The risks of experimenting on your own include making more mistakes, getting stuck in pitfalls you could have avoided, and doing extra work to “reinvent the wheel.” But even when you’re rediscovering what’s already known to many other people, the personal experience of discovery can be more rewarding, and your knowledge will likely be less fragile. Your discovery of the wheel will be uniquely your own – and a lot more special than just buying a wheel.

Many years ago I decided to build my own PC by buying all the component parts from various sources and assembling it myself – motherboard, CPU, RAM chips, graphics card, hard drive, case, power supply, etc. It wasn’t worth the effort to save a little money, but I felt a special connection to that PC for years because I assembled it myself. It wasn’t just some mass market machine I’d bought from Dell. And the machine I built worked better and lasted longer than the pre-built ones I bought around the same time.

This month I’ve been experimenting with music composition again, mostly by messing around in Logic Pro. There’s a lot I don’t understand about how to layer a composition, so some of my experiments didn’t sound very good. But even though I could learn this skill faster from people with experience, I like fumbling around to see what I can figure out on my own. The discoveries feel more rewarding when I stumble upon them versus if I learn them from someone else.

This skill comes in handy in business too, especially when diving into something new. I didn’t know how to generate income from blogging when I first started in 2004 because blogging was still relatively new. So I experimented with income generation to figure how to make my work financially sustainable. I still got ideas from other people, but I had to test them in different ways to understand how to apply them to my business. Since I directly experimented a lot, I now know many effective ways to cover expenses and then some, so I feel confident and secure with income generation too. It’s just another rice bowl to me.

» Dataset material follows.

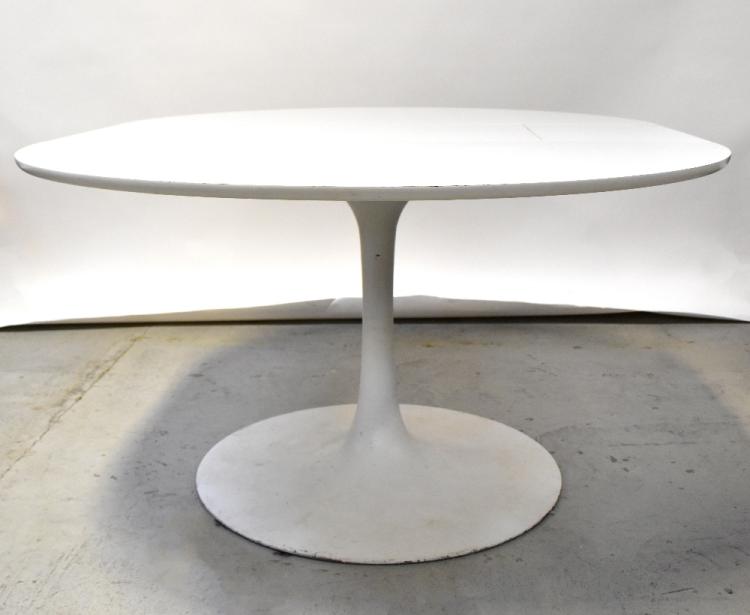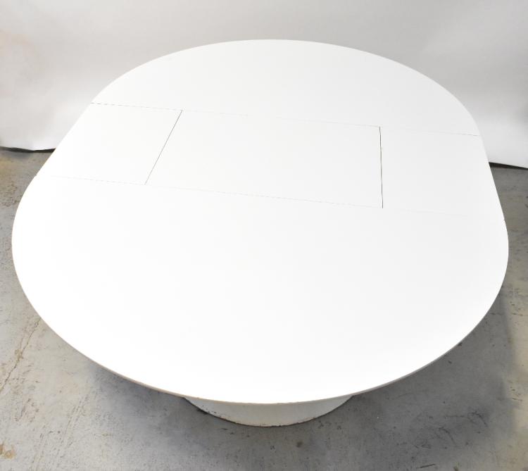 Lot 8 of 1054: MAURICE BURKE FOR ARKANA; a 1960s white extending tulip table, with metal pedestal base and single integral fold-out leaf, 71.5 x 161.5 x 121cm, and a set of four matching plastic chairs with metal bases (lacking cushions) also two similar chairs with plastic seats and turned stretchered supports (4+2) (7) .
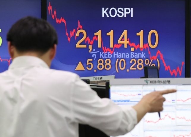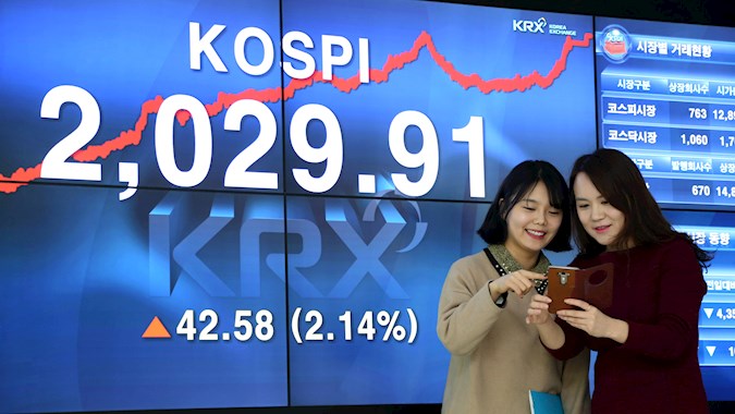 Indeks Kospi di Bursa Efek Korea, Seoul, Korea Selatan,...

When you learn from other sources, you may acquire knowledge that’s more structured but also more fragile and rigid. You probably won’t gain the range and flexibility that comes from direct personal exploration.

I have degrees in computer science and mathematics, but what I learned in school wasn’t very helpful when I set out to design and program computer games. Most of the academic knowledge I’d gained was way too narrow and brittle. I advanced faster by studying programming on my own – often just by messing around to see what I could do. I also coded in different languages and on different types of devices. I learned so much more about coding by tackling dozens of small projects than by studying techniques from others. And learning coding on my own was way more fun, engaging, and interesting than formally studying it in school.

This isn’t an either-or proposition. Learning from others can be immensely valuable too. I’ve had some wonderful breakthroughs on that side as well. Just watch out for areas of life where you lean too heavily on the side of structured study and overlook the incredible long-term value of direct exploration. Use formal study to seed your own experimentation, not as a replacement for it.